Born in 1944 in Salford, Lancashire, he read Modern Languages at Wadham College, Oxford, and lectured in German at Durham from 1969 to 1981 and at Oxford from 1981 to 2000. He was co-editor of Modern Poetry in Translation from 2004 to 2013. He lives in Oxford and on Scilly.

For more information on David Constantine’s books, see https://www.bloodaxebooks.com/ecs/category/david-constantine

Announcement on Buckingham Palace's website here.

Feature in The Guardian here.

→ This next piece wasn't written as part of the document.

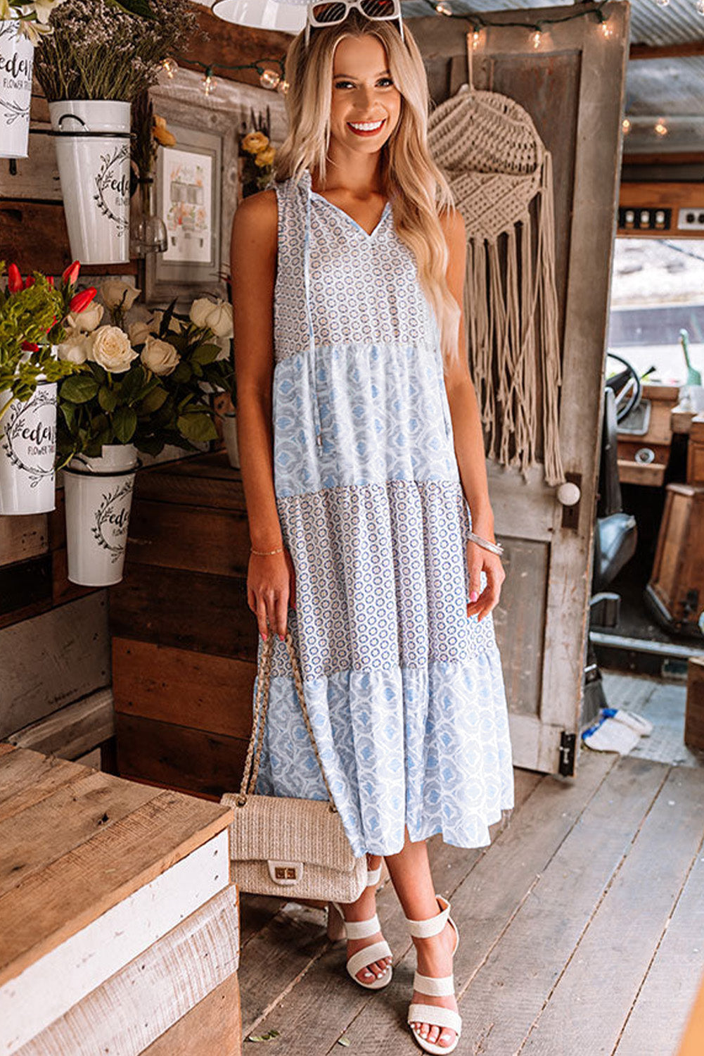 •Add a wide-brim hat and statement jewelry to complete the boho vibe.

Alison Flood spoke to both David Constantine and to his poetry publisher of 40 years, Neil Astley of Bloodaxe Books.


David Constantine reads from his Collected Poems (2004)

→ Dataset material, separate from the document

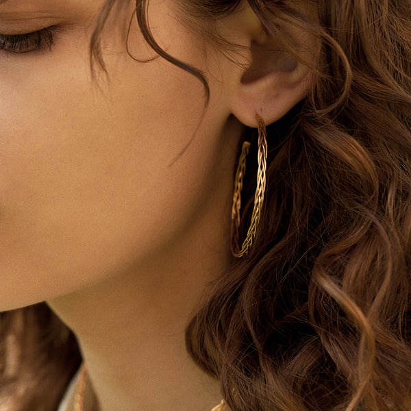 Paire de boucles d’oreilles créoles dorées à l’or fin

David Constantine reads seven poems from his Collected Poems: ‘New Year Behind the Asylum’, ‘Eldon Hole’, ‘The Wasps’,’Something for the Ghosts’, ‘Legger’, ‘Common and Particular’ and ‘Watching for Dolphins’. Neil Astley filmed him at his home in Oxford in October 2007. 

David Constantine reads from Belongings (2020)

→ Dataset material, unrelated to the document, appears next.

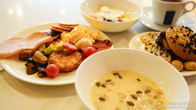ドリンク、フルーツ、シリアル、サラダなど、バラエティに富んでいました。今回の宿泊先のメニューに必ず登場していて、とても気に入ったメニューは、サーモンクリーム(クリームチーズ+わさび)を添えたもの。↑写真の場合、左端に写っているのが薄切りサーモン。クリームは別に用意されていて、好きなだけトッピング。

David Constantine reads four poems from Belongings: ‘The Horseshoe’, ‘Girl with Cello on the Metro’, ‘Lake’ and ’Eye Test’. Neil Astley filmed Constantine reading selections of his poems from his books at his home in Oxford in June 2018. There are separate videos for poems from each of his collections.

David Constantine reads from Elder (2014)

David Constantine reads five poems from Elder: ‘Old Town’, ‘Elder’, ‘How will they view us, the receiving angels?’, ‘The Rec’ and ‘Our Lady of the Blackthorn and the Snow’.

David Constantine reads from Nine Fathom Deep (2009)

David Constantine reads three poems from Nine Fathom Deep: ‘Pity’, ‘Nine Fathom Deep’ and ’Seaweeds’.

David Constantine on Friedrich Hölderlin

David Constantine introduces Friedrich Hölderlin and his poetry, discussing how translating Greek poetry (at first Pindar) helped Hölderlin evolve his own way of writing in German. Like Beethoven, Hölderlin was inspired by the French Revolution before it went wrong, and Constantine discusses the relevance also of Hölderlin to the times we live in, most particularly when there has been renewed interest in his work, such as during both world wars and during the period of social revolt in Germany in the 1960s. Constantine reads two translations from his Selected Poetry by Friedrich Hölderlin: ‘Once there were gods…’ (‘Götter wandelten einst…’), written in the spring of 1799 (but not published until 1909), and ‘The sun goes down’ (‘Geh unter, schöne Sonne…’), written some time before May 1800 but not published until 1846, three years after his death.